Exactly the lines from the one containing "TE 产品编号7-1879350-5 RR01 5% 270R AMMO" through the final line of the data below, with pictures omitted, make up the answer.

*Dataset content*:
——

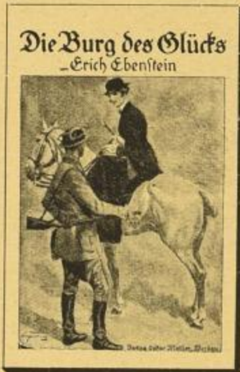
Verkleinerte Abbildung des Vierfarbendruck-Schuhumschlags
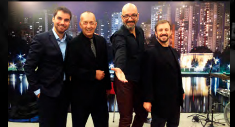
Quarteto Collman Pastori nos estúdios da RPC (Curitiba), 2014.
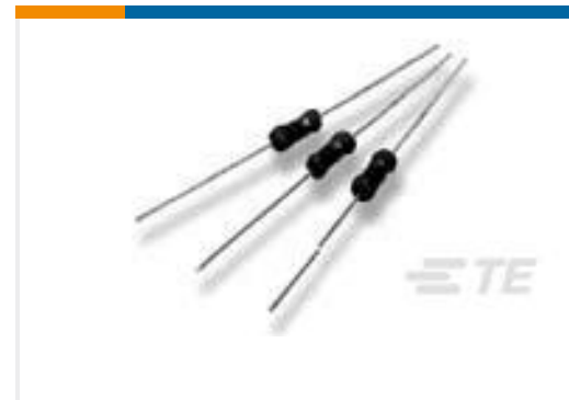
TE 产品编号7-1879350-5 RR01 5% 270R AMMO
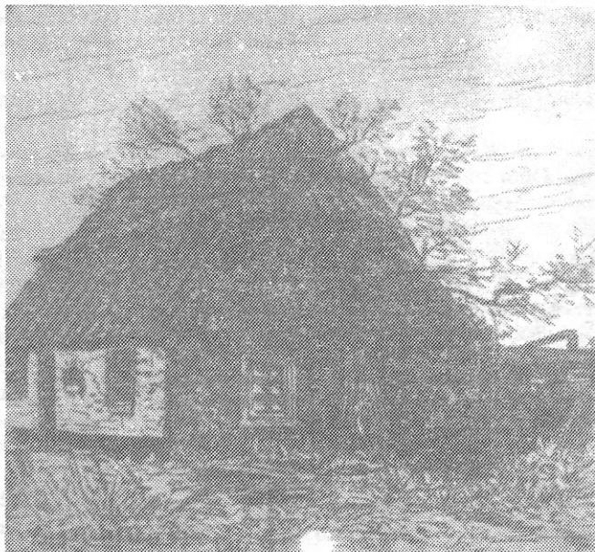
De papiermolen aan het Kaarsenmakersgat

——

*Problem solution*:
TE 产品编号7-1879350-5 RR01 5% 270R AMMO
De papiermolen aan het Kaarsenmakersgat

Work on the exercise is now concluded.